Thanks for the link and for clarifying that. Figured sharing what I’d gotten to work was at least worth a shot. Looking at the code for nb_conda_kernels, the amount of custom logic in there and also the fact that it’s in written in python both make me a little uneasy, and I’m not surprised there are issues with process inheritence. I think figuring out what command you’d run a shell and sticking those in a bash (or sh, zsh, etc) script will be your best bet. I also wonder if there’s something specific to Windows going on. These things often seem to work a bit differently between Windows and unix-like systems. It’d be interesting to see if it works any better for you on Windows subsystem for linux - might not be worth the hassle though.

In case it helps, I was able to get a kernel working with a bash script for conda containing just these two lines

conda activate "$1"
python -m ipykernel_launcher -f "$2"

preceded by the result of conda init. In my case, copying and pasting what that command appended to my ~/.bashrc with those lines resulted in:

#!/bin/bash
# >>> conda initialize >>>
# !! Contents within this block are managed by 'conda init' !!
__conda_setup="$('/opt/miniconda3/bin/conda' 'shell.bash' 'hook' 2> /dev/null)"
if [ $? -eq 0 ]; then
    eval "$__conda_setup"
else
    if [ -f "/opt/miniconda3/etc/profile.d/conda.sh" ]; then
        . "/opt/miniconda3/etc/profile.d/conda.sh"
    else
        export PATH="/opt/miniconda3/bin:$PATH"
    fi
fi
unset __conda_setup
# <<< conda initialize <<<
conda activate "$1"
python -m ipykernel_launcher -f "$2"

Then I called this script from kernel.json with the env-name and {connection_file} as I mentioned in my last answer.

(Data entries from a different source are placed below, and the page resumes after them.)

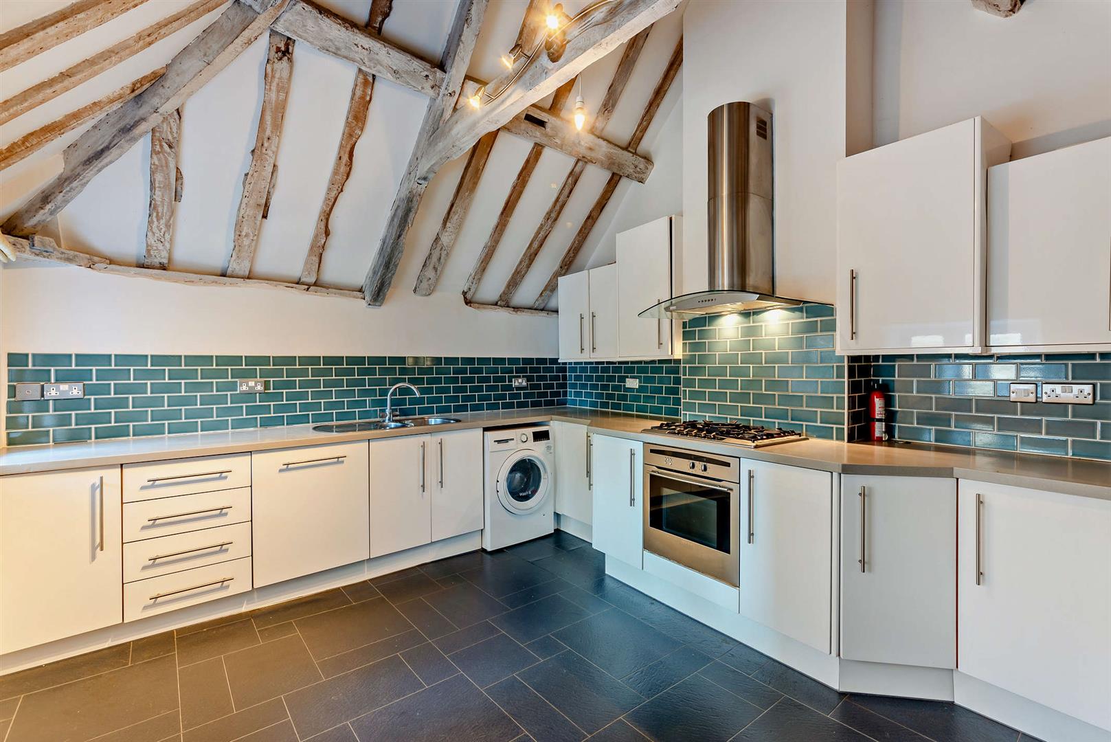 On entering the apartment you are immediately led through to the modern kitchen fully equipped and beautifully contrasted with exposed oak beams. On this level you will find the dining room featuring an original period fireplace adding a touch of elegance for entertaining. The grand living room boasts an incredible high ceiling, solid wood flooring delivering a touch of warmth and sophistication.
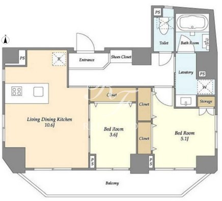 平米数 | 53.04m2 | 部屋詳細 | LDK10.6帖/洋室5.1帖/洋室3.6帖 |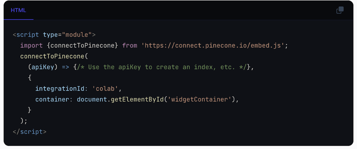 3-click integration with Pinecone inside partner’s product

I also got it working by just putting everything in the kernel.json file. I first hardcoded env-nameand {connection_file} in place of "$1" and "$2". Then to get the script in json format, I just pasted the script into a multiline string in a python shell, storing it in a variable, a and ran:

import json
print(json.dumps(a))

and finally passed the result to bash in kernel.json:

{
 "argv": [
  "bash",
  "-c",
  "# >>> conda initialize >>>\n# !! Contents within this block are managed by 'conda init' !!\n__conda_setup=\"$('/opt/miniconda3/bin/conda' 'shell.bash' 'hook' 2> /dev/null)\"\nif [ $? -eq 0 ]; then\n    eval \"$__conda_setup\"\nelse\n    if [ -f \"/opt/miniconda3/etc/profile.d/conda.sh\" ]; then\n        . \"/opt/miniconda3/etc/profile.d/conda.sh\"\n    else\n        export PATH=\"/opt/miniconda3/bin:$PATH\"\n    fi\nfi\nunset __conda_setup\n# <<< conda initialize <<<\nconda activate kernelenv\npython -m ipykernel_launcher -f {connection_file}"
 ],
 "display_name": "Python (kernelenv)",
 "language": "python"
}

If that doesn’t work, I hope you find something that does. Kernel interrupt is kind of a nice function to have!